Projects that propose to recruit subjects with Down syndrome are encouraged to promote enrollment of research subjects in the Down syndrome patient registry supported by NIH, DS-Connect®. For biospecimens collected from human genetic or non-genetic studies, recipients are encouraged to use biorepositories designated by INCLUDE staff that meet requirements for broad sharing. An NIH resource describing Common Data Elements may be helpful during the planning phases of a project when considering ways to optimize data collection in order to facilitate broad data sharing. For those applications that generate clinical data, it is expected that the data sharing plan will include the INCLUDE Data Coordinating Center (DCC).

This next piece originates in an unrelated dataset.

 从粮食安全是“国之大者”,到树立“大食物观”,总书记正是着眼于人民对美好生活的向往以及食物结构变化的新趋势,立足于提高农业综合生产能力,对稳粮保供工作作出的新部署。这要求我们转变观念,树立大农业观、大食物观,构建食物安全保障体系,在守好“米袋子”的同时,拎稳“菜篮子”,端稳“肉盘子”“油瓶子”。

To maximize comparisons across datasets or studies, and facilitate data integration and collaboration, researchers funded through this NOSI are strongly encouraged to use the following standards and resources (where applicable):
• Applicants are encouraged to conform to Findable, Accessible, Interoperable, and Reusable (FAIR) principles.

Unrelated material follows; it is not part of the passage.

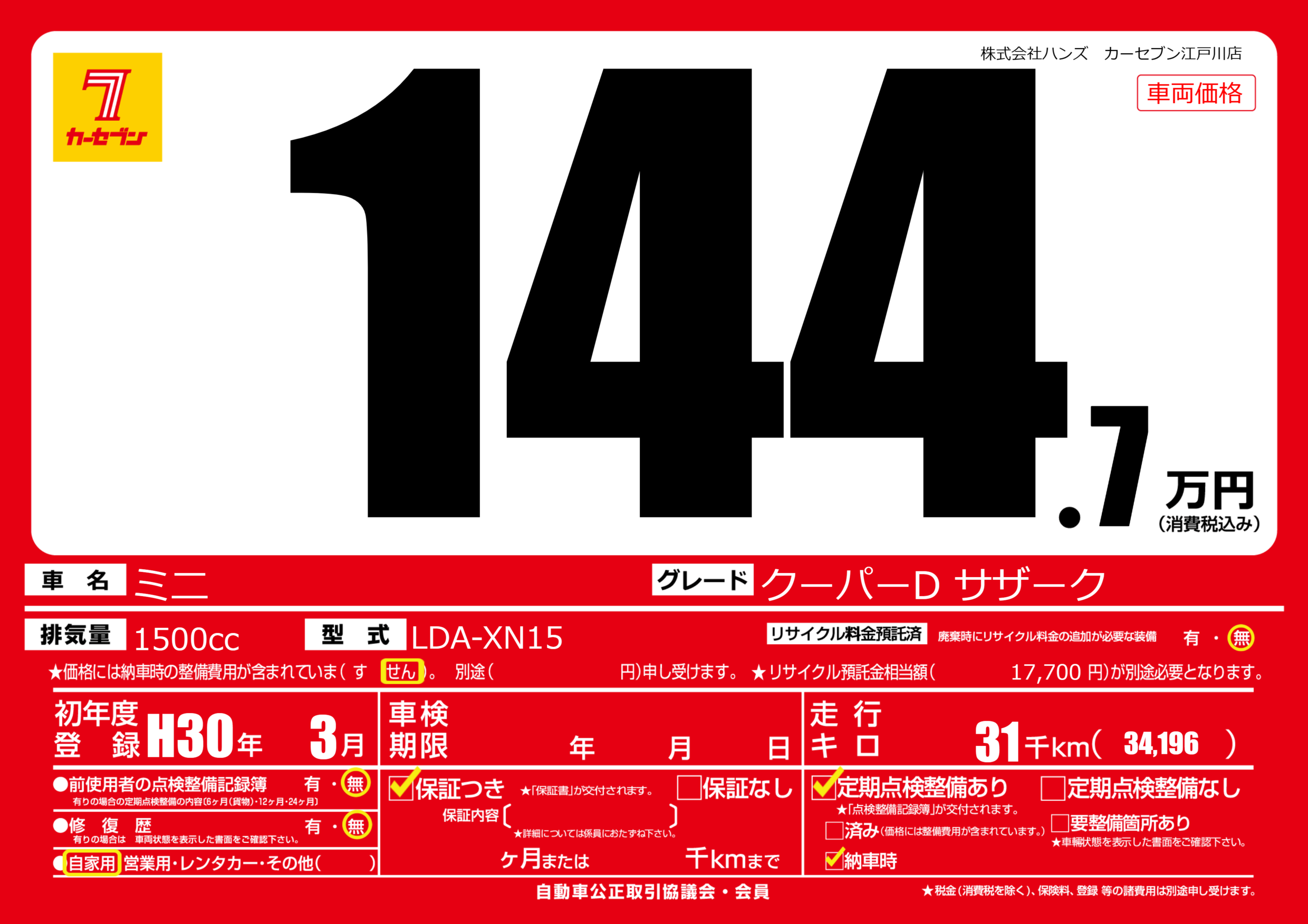 | 車名 | ミニ | グレード ミッション 排気量 |

• NIH encourages researchers to explore the use of the HL7 FHIR® (Fast Healthcare Interoperability Resources) standard to capture, integrate, and exchange clinical data for research purposes and to enhance capabilities to share research data (NOT-OD-19-122). The FHIR® standard may be particularly useful in facilitating the flow of data with EHR-based datasets, tools, and applications.
• NIH encourages clinical research programs and researchers to adopt and use the standardized set of data classes, data elements, and associated vocabulary standards specified in the United States Core Data for Interoperability (USCDI) standards (NOT-OD-20-146), as they are applicable. Use of the USCDI can complement the FHIR® standard and enable researchers to leverage structured EHR data for research and enable discovery.
• NIH encourages the use of data standards including common data elements, such as those available through the PhenX Toolkit (www.phenxtoolkit.org) and the NIH CDE repository (cde.nlm.nih.gov), terminologies and ontologies such as Mondo Disease Ontology (mondo.monarchinitiative.org), Human Phenotype Ontology (hpo.jax.org), and common data models such as the Observational Medical Outcomes Partnership (OMOP; ohdsi.org).
• Projects that propose to recruit subjects with Down syndrome are encouraged to promote enrollment of research subjects in the Down syndrome registry supported by NIH, DS-Connect®.